МЕНТЫ И КОПЫ
Американский обыватель доверяет полиции. Он панибратски и без особого почтения называет полисменов "копами", как и везде, подтрунивает над их упертой "служивостью", но при этом, как, пожалуй, нигде в мире, считает этих крепких мужиков с их профессионально позитивным видом, своими людьми.
Простодушное американское сознание, поделившее человечество на хороших и плохих ребят, полицейским отводит роль "хороших" парней, защитников американских ценностей и носителей американских добродетелей. Так было не всегда. В 50-м пресинкте, то есть местном отделении, я имел откровенную беседу с главным здешним "детективом". На фоне молодых коллег он выглядел ветераном и помнил времена, когда нью-йоркские копы не ведали о заповедях политкорректности и вели себя с бесцеремонностью московских ментов.
- Бывало, едешь вечером по улице, увидишь чем-то подозрительного чернокожего, а ну, поди-ка сюда, парень! И - раз ему по морде! Он обижается: за что, босс?! А ни за что, на всякий случай, чтобы знал, кто здесь начальник. (Он даже не подозревал, что почти дословно цитирует известный российский анекдот: знал бы за что, убил бы!) Потом в обществе созрело сознание: с демократией такие привычки несовместимы. Чего стоит общество, если его членов можно безнаказанно унижать?
Он не брался утверждать, что все американские копы сделались воплощенными ангелами-хранителями гражданских прав и свобод. Однако правила корректного исполнения своего долга усвоили четко. Недостойным поведением полисмен компрометирует не только себя, но и "дядю Сэма". А над государством в этом царстве индивидуализма иронизировать не принято. Дело полицейского не воплощать собою духовные идеалы, а блюсти закон.
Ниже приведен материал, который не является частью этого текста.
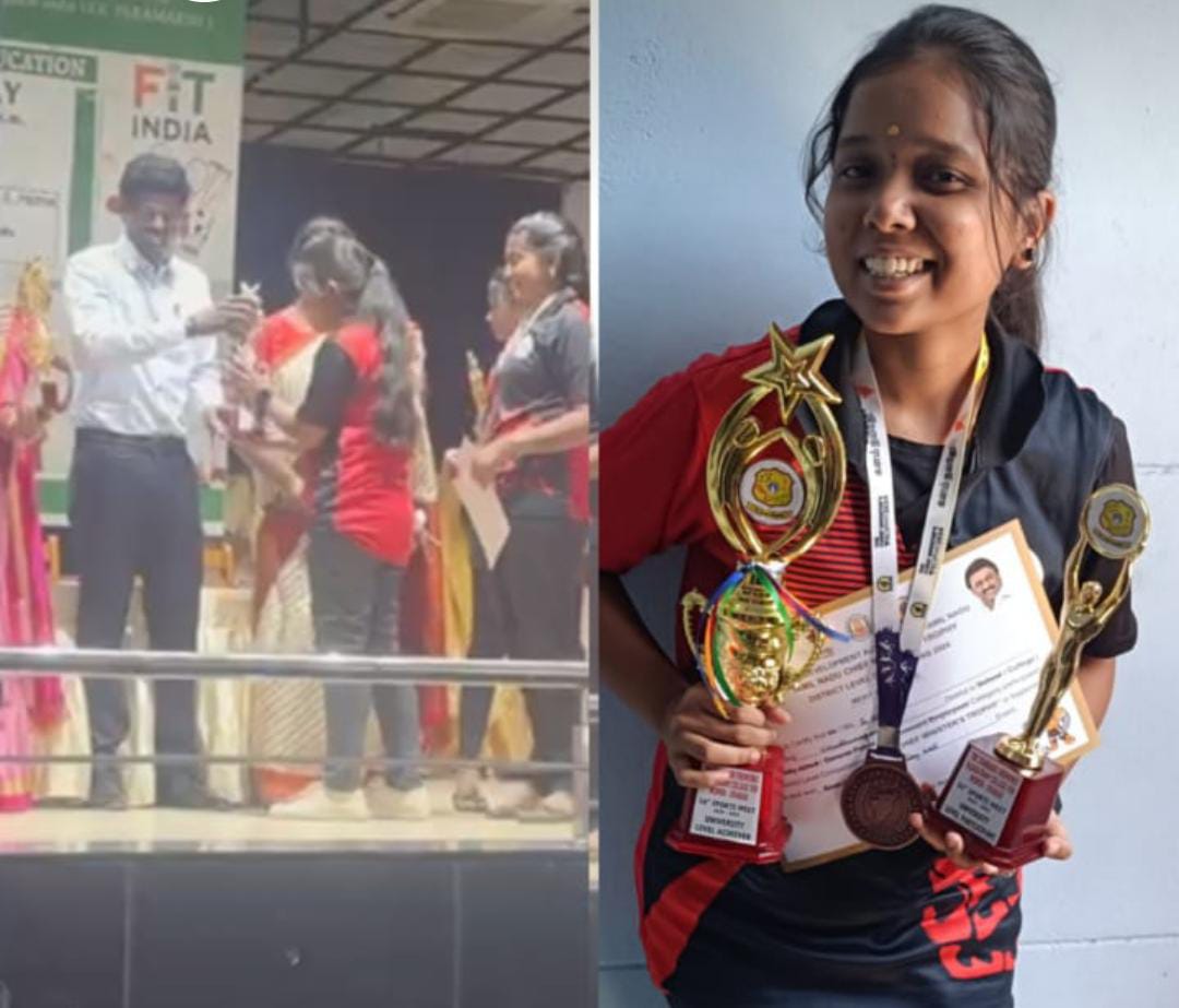 Ms. M. Vishali – Won IIIrd place in district level CM Trophy – Football match and received Cash prize on 09.09.2024

Но как-то так выходит, что блюсти его лучше получается у морально устойчивых лиц. Неподкупности легче подчиняться.
Берут ли американские полицейские взятки? Взятка должна быть ну очень большой, чтобы полисмен рискнул ее принять. Копы, конечно, не миллионеры, однако в жизни надежно устроены. Позволив себя подкупить, полицейский теряет все. Прежде всего - доброе имя, чего ему никогда не простит профессиональная среда, ибо почувствует себя скомпрометированной. С тем, что преступность невозможно искоренить до конца, полиция может смириться. С чем ей свыкнуться невозможно, так это с перспективой срастись с организованным криминалитетом. Одно лишь подозрение в этом разом перечеркивает смысл ее существования. А если вдуматься, то и государства в целом.
Меня не покидало ощущение, что я много раз слышал эти справедливые слова. Именно об этом твердила в свое время советская пропаганда. Вывод очевиден: какую бы идеологию ни исповедовали правоохранительные органы, какое бы название они ни носили, они служат, во всяком случае, в принципе не политическому режиму
и не правящей элите и уж тем более не конкретному начальнику, а самой идее цивилизованного общества.
В США суть ее в том, чтобы вполне конкретными средствами оберегать то, что несколько расплывчато именуется американской мечтой. Иными словами, некий фантом удачи, который ожидает в этой стране всякого, кто этого достоин. Разумеется, в этой утопии позволительно усомниться. Однако с фактами не поспоришь: надежность американского образа жизни даже посреди бессонного и безумного Нью-Йорка с его разноязыкой толпой, с темнокожими ораторами на каждом углу, произносящими в пустоту огненные речи, с неизбежным соседством самой респектабельной и самой криминальной публики в мире, эта несомненная надежность цементируется повсеместным присутствием невозмутимых и приветливых копов.